Daniel Boland: Why I love the Manly v Warringah derby
By Daniel Boland – Originally published in 2018
I have lived in Manly for 11 years, and on very quick calculations been to about 20 Manly v Rats games.
I’ve probably played in nearly that many curtain-raisers, almost exclusively for the mighty 4th grade, and even then I understand that I am a complete newcomer when it comes to the history of this fantastic fixture.
To those with memories much longer than this period, I apologise, but I can’t talk to those times – all I have to go on are the stories I hear, and I believe most of those even less that I believe the claims from those north of the Narrabeen Bridge who refer to their part of the beaches as “God’s Country”. Maybe the Aztec God Tlazolteotl (don’t google it).
Even still, so many memories.
I remember Beau Robinson and Tyrone Smith knuckling up in the early minutes a few years back in Rat Park, to the delight of a crowd quick to bemoan the softening of our sport, when a good old donnybrook was something even the ref liked to see.
I remember Matt Cleary in the Guardian in 2014, covering the game from our little corner of the globe for the masses and forever deifying Dane Maraki by comparing him to “one of those axe dwarves from the Hobbit”.

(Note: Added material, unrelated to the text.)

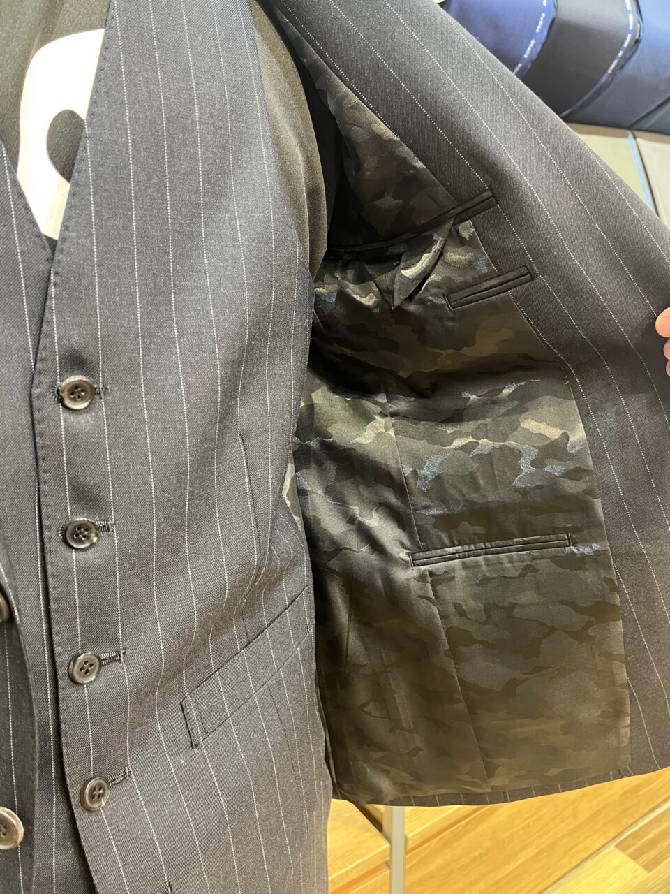 裏地はシャドーのカモフラ柄でオリジナリティのある仕上がりです。

I remember my own long-standing, lower-grade battle with a lovely bloke who, probably like myself, developed recidivist felonious tendencies come 10:45am each beautiful Saturday in the winter.

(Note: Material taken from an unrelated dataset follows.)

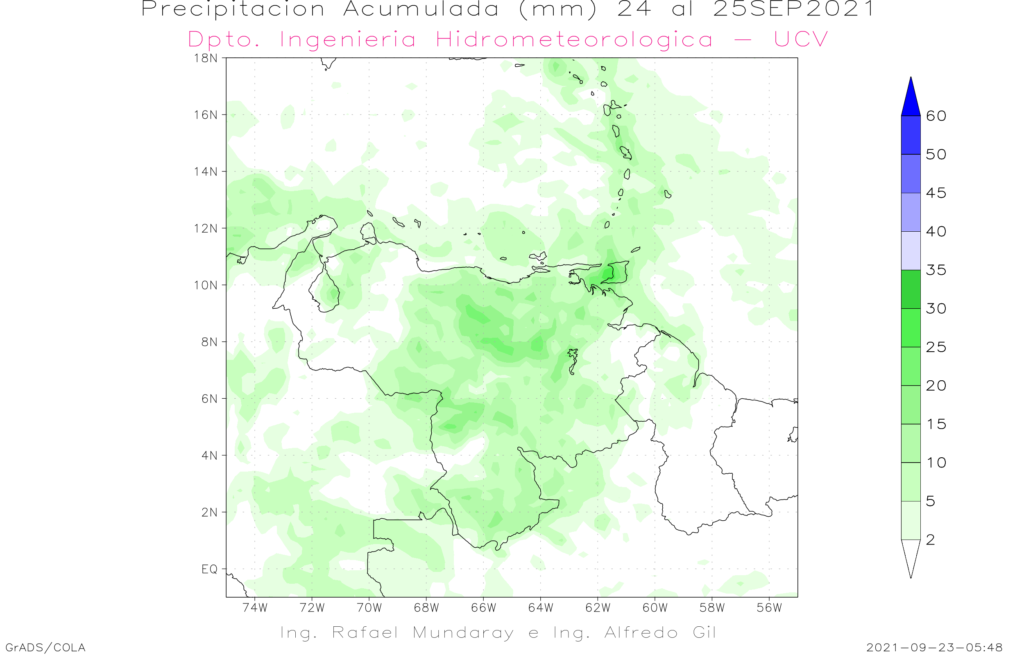 Entre el 24 al las 08:00 HLV y el 25 a las 8:00 HLV de septiembre se prevé eventos de precipitaciones en casi todo ele territorio nacional, los mas importantes en la región oriental, norte de Amazonas y este de Guárico

I forget his name but I thought of him as the character Magua from Last of the Mohicans, as he seemed obsessed about taking off the top of my (greying) head with a swinging tomahawk arm. I still have a chat with him when I see him in the Steyne.
I remember when the entire crowd at Rat Park forgot what colour they were wearing, and to a person helped in a hunt for a lost child in the dusk after the game.
Myself and my great mate Steve Trower found a 6 pack of Carlton in the bushes. Little Finnegan was found, safe and sound having walked home on his own, bored of the spectacle.
Legend has it that his father has never been allowed back out to the football though.
I remember the vitriol which still lingers in the voices of some of my friends, more than a decade after the fact, when they recall the year Sean Maloney ventured north. I know for a fact there are groups of mates scattered all the way up from Fairy Bower to Newport who tell the same story, one direction or the other.
I remember the days when the Marlins won at Rat Park, when you could sail south on a cloud of VB and bliss, when you could feel the tightness in your shoulders lift as you know you had bragging rights for up to a year. I also remember skulking home from that Warriewood wasteland, down the Pittwater road drainpipe to the comfort of the Round Bar to lick our wounds, and plot for the next meeting.
And I remember less than a year ago, unbelievably, screaming at the television and cheering for the boys in green in the Grand Final, hoping from afar that their year from Hell could end in something incredibly special, and being delighted when it did.
This year is different from most in recent memory, in that the Rats arrive at the Village Green full of confidence, as reigning Premiers and carrying the Mounties Cup and the Shute Shield (their first, for we do not speak of the Tooheys Cup on this end of the peninsula) in their arms.
Club Rugby is bigger than ever and the Matchday experience at the bottom of Sydney Road has changed immeasurably.
The steak sandwich of old has been replaced by prosecco carts, cappuccino corners and gourmet food options, including the patented Hill Burger created by Marlins stalwart Adam Hill, but the atmosphere is still as vibrant and partisan as ever.
I wouldn’t miss it for the world, and neither should you, or your neighbour.
Do I like the Rats, even remotely? Of course not.
But I respect them, and the history of this derby game, more than I can ever express.
I’ll welcome them, as ever, down to Manly Oval and I hope I’ll wave them goodbye just as enthusiastically.